I went back in the house, this time to call a lawyer. But as I started to dial, I became confused. I put the receiver down. What could I say? What did I want from divorce-when I never knew what I had wanted from marriage?
The next morning, I was still thinking about my marriage: fifteen years of living in Ted's shadow. I lay in bed, my eyes squeezed shut, unable to make the simplest decisions.
I stayed in bed for three days, getting up only to go to the bathroom or to heat up another can of chicken noodle soup. But mostly I slept. I took the sleeping pills Ted had left behind in the medicine cabinet. And for the first time I can recall, I had no dreams. All I could remember was falling smoothly into a dark space with no feeling of dimension or direction. I was the only person in this blackness. And every time I woke up, I took another pill and went back to this place.
But on the fourth day, I had a nightmare. In the dark, I couldn't see Old Mr. Chou, but he said he would find me, and when he did, he would squish me into the ground. He was sounding a bell, and the louder the bell rang the closer he was to finding me. I held my breath to keep from screaming, but the bell got louder and louder until I burst awake.
It was the phone. It must have rung for an hour nonstop. I picked it up.
"Now that you are up, I am bringing you leftover dishes, " said my mother. She sounded as if she could see me now. But the room was dark, the curtains closed tight.
"Ma, I can't…" I said. "I can't see you now. I'm busy. "
"Too busy for mother? "
"I have an appointment…with my psychiatrist. "
She was quiet for a while. "Why do you not speak up for yourself? " she finally said in her pained voice. "Why can you not talk to your husband? "
"Ma, " I said, feeling drained. "Please. Don't tell me to save my marriage anymore. It's hard enough as it is. "
"I am not telling you to save your marriage, " she protested. "I only say you should speak up. "
When I hung up, the phone rang again. It was my psychiatrist's receptionist. I had missed my appointment that morning, as well as two days ago. Did I want to reschedule? I said I would look at my schedule and call back.
And five minutes later the phone rang again.
"Where've you been? " It was Ted.
I began to shake. "Out, " I said.
"I've been trying to reach you for the last three days. I even called the phone company to check the line. "

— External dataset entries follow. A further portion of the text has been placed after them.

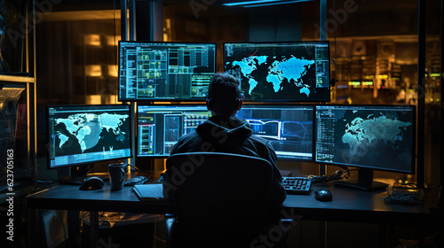 Unrecognizable man sitting against computer monitors in dark room of hacker base.
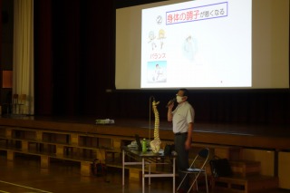 今回の学校保健委員会は、市野接骨院の市野先生を講師としてお招きして姿勢の話をしていただきました。4、5年生の子どもたちとPTAの研修委員のみなさんにお話いただきました。姿勢が良いと、どうしてよいのかがしっかりと分かりました。
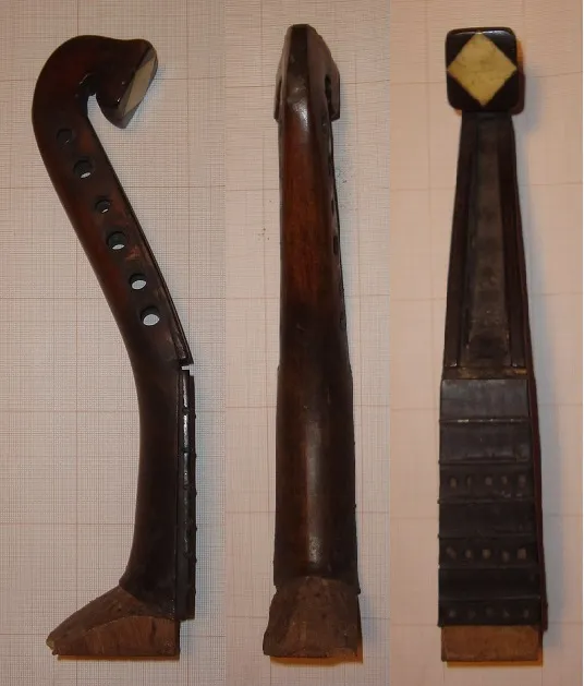 fingerboard and often an oval sound hole, with no rosette.
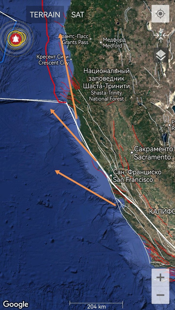 Южное обрамление плиты Горда в Северной Америке остается в тектоническом напряжении уровня М6+ ===== The southern rim of the Gorda Plate in North America remains under tectonic stress at the M6+ level.

And I knew he had done that, not out of any concern for me, but because when he wants something, he gets impatient and irrational about people who make him wait.
"You know it's been two weeks, " he said with obvious irritation.
"Two weeks? "
"You haven't cashed the check or returned the papers. I wanted to be nice about this, Rose. I can get someone to officially serve the papers, you know. "
"You can? "
And then without missing a beat, he proceeded to say what he really wanted, which was more despicable than all the terrible things I had imagined.
He wanted the papers returned, signed. He wanted the house. He wanted the whole thing to be over as soon as possible. Because he wanted to get married again, to someone else.
Before I could stop myself, I gasped. "You mean you were doing monkey business with someone else? " I was so humiliated I almost started to cry.